素朴な老夫婦の日常を描いた、実に地味なドキュメンタリーでありながら、不思議なおとぎ話のような魅力のある映画である。

夫98歳、妻89歳、結婚76年目。12人の子どもをもうけたが、6人は小さい時に死なせてしまった。貧しかった。無事に育った6人は親元を離れて過ごし、家族と共に年に数回訪ねてくる。1年のほとんどは、大自然に囲まれた田舎の家で、夫婦2人で2匹の犬と共に過ごす。枯葉の掃除中に、夫は妻に枯葉を投げてからかい、妻も応戦する。川では水をかけあい、正月には雪をかけあって楽しんでいる。夜、妻は今でも屋外のトイレに行くのがこわくて夫に付き添いを頼み、外で歌を歌っていてくれと頼む。私には調子っぱずれに聞こえるが、妻はしみじみと「あなたは歌が上手ねえ」とほめる。お世辞ではなさそうだ。
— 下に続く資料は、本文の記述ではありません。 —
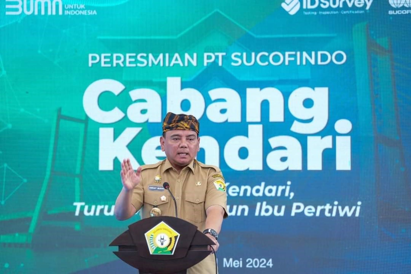 Dalam sambutannya, Pj. Gubernur mengucapkan selamat atas peresmian kantor cabang Kendari ini dan menegaskan pentingnya fasilitas ini dalam mendukung berbagai program dan aktivitas PT. Sucofindo.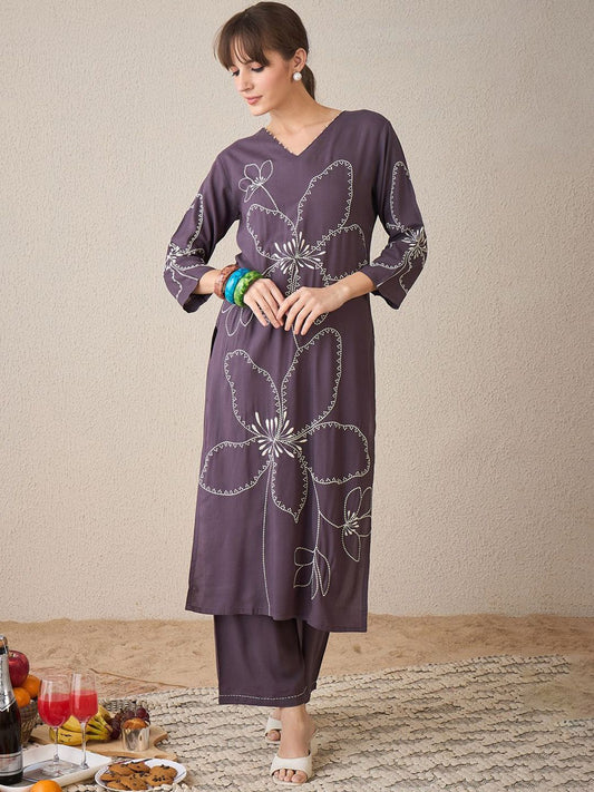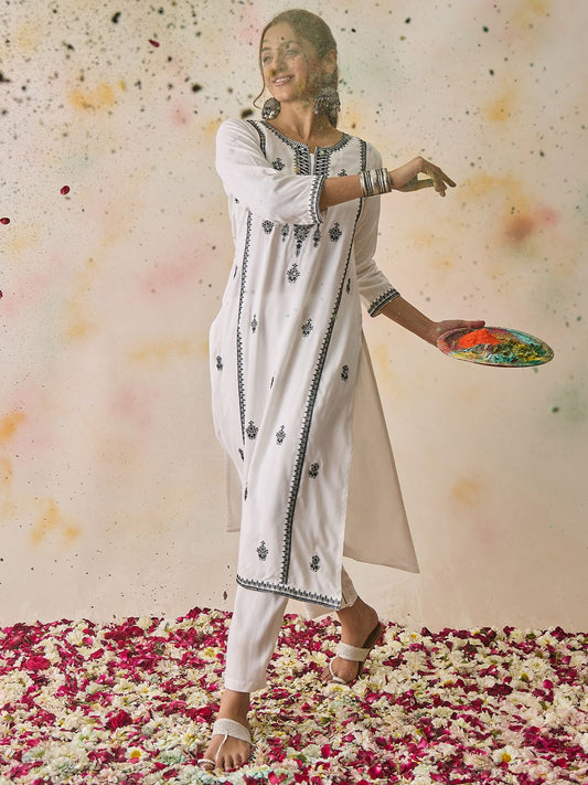 Dhiyona IE Women Floral Embroidered Thread Work Kurta with Trousers

外出やお祝いの時、2人はいつも色鮮やかなおそろいの韓服を着る。

夫の死が近いことを知った妻は、子ども用の寝間着を6着買ってきて、「先に天国に行った子どもたちに『私から』と言って渡してね」と頼む。「生きていた時に買ってやりたかったけど、当時は貧しかったから。」

「じいさんは夏服と冬服がわからない。無頓着だから。私が天国に行って教えなきゃ。私がすぐに逝かなかったら迎えに来てよ。迎えに来たら、手を握ってね。おそろいの服を着よう。」

やがてその日がやって来た。妻は夫の墓の前で、子どもの寝間着と共に、夫の服を燃やす。「あなた、これは春が来たら着るんだよ。こっちのは春物の肌着だよ。体に気を付けてね。会いたくても我慢してね。私も寂しいけど、我慢するから。」
こういう年の取り方をしたいと思う人も多いのでは?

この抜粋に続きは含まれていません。